*** Opening of PROVIDED MATERIAL ***

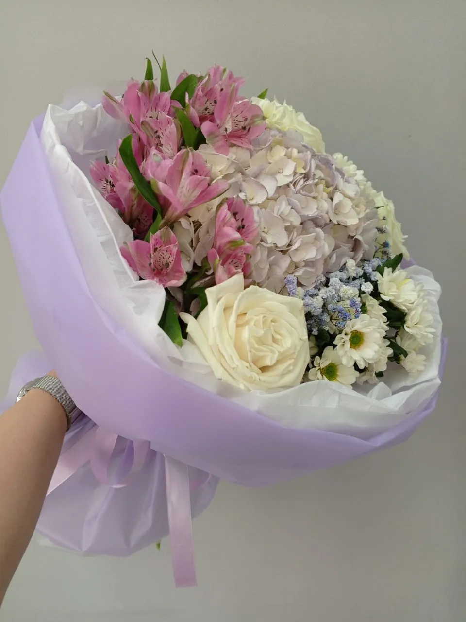Букет из розовой гортензии и кустовых роз
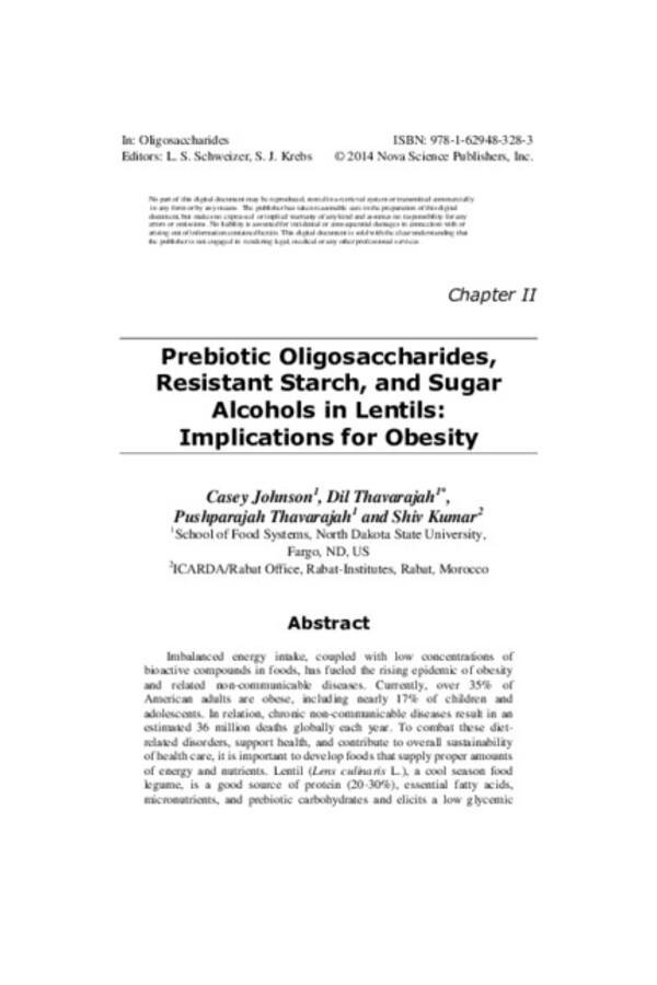 Prebiotic Oligosaccharides, Resistant Starch and Sugar Alcohols in Lentils: Implications for Obesity
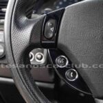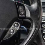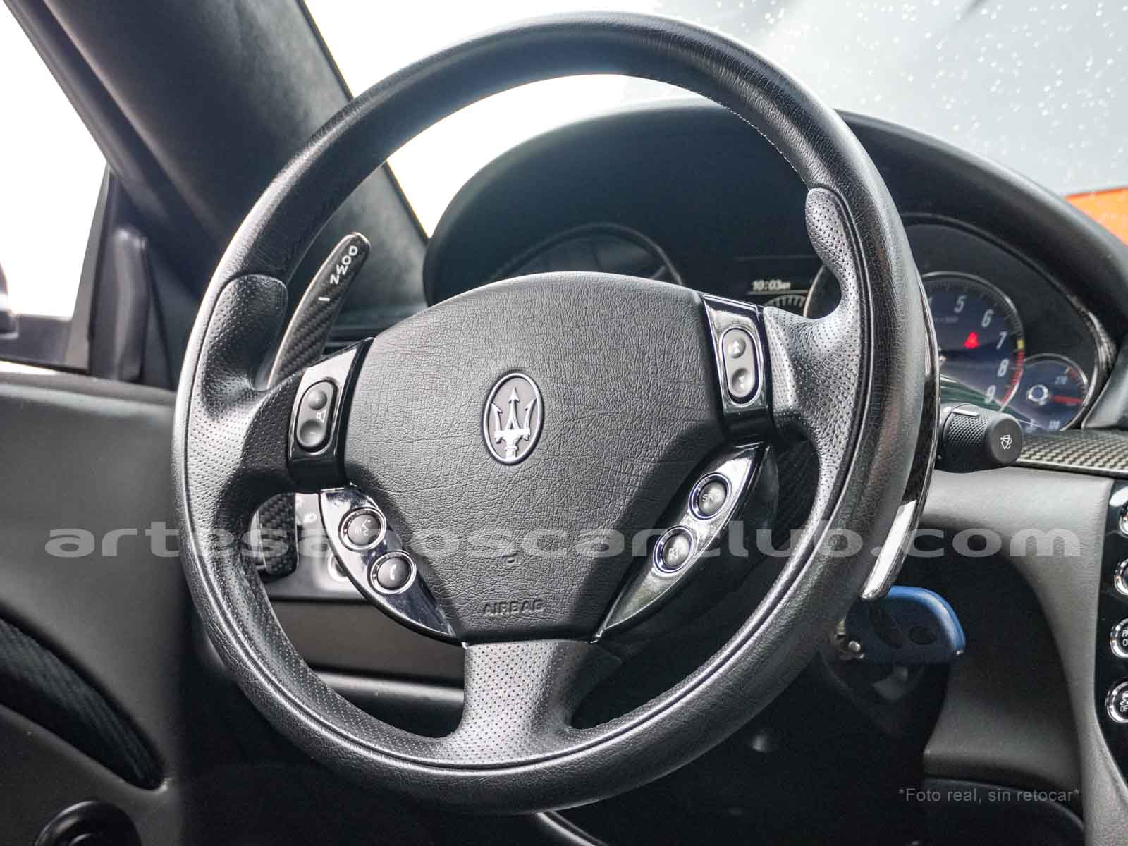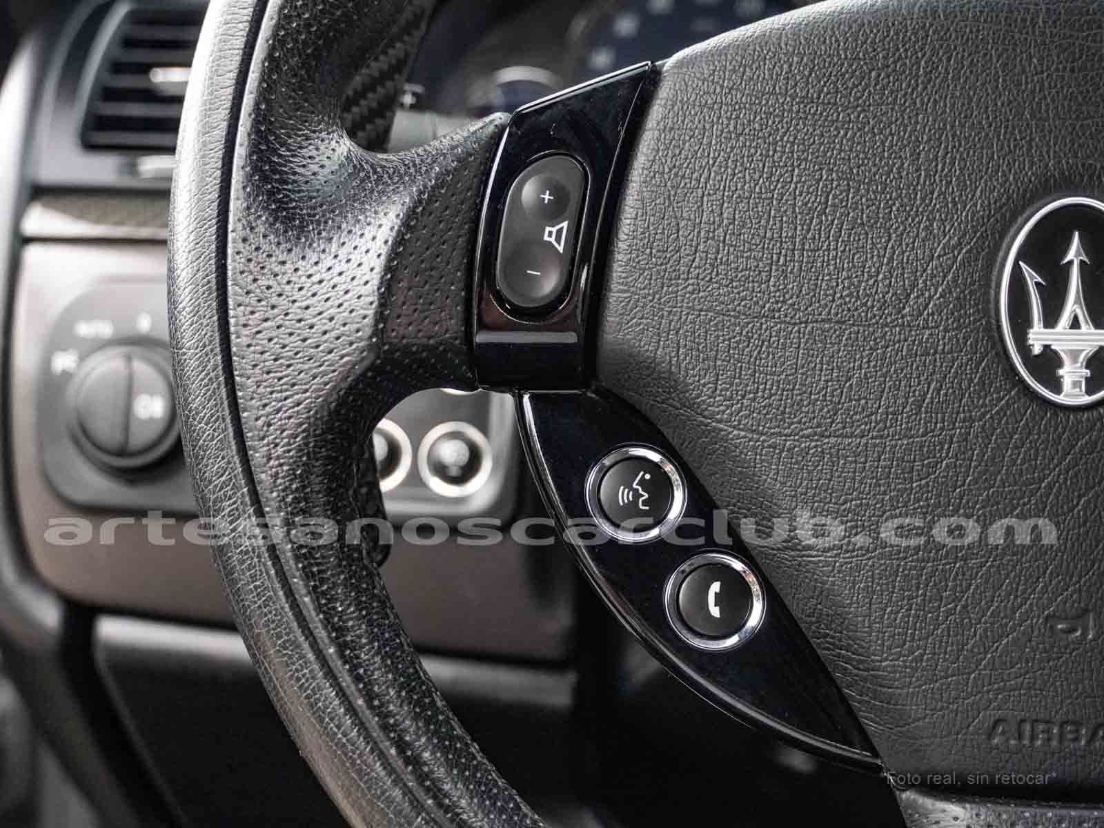 Volante de diseño en piel y carbono brillante.

*** Close of PROVIDED MATERIAL ***

BRIEF:
Would you provide an exact, picture-free copy of the data above?

RESPONSE TO THE TASK:
Букет из розовой гортензии и кустовых роз
 Prebiotic Oligosaccharides, Resistant Starch and Sugar Alcohols in Lentils: Implications for Obesity
 Volante de diseño en piel y carbono brillante.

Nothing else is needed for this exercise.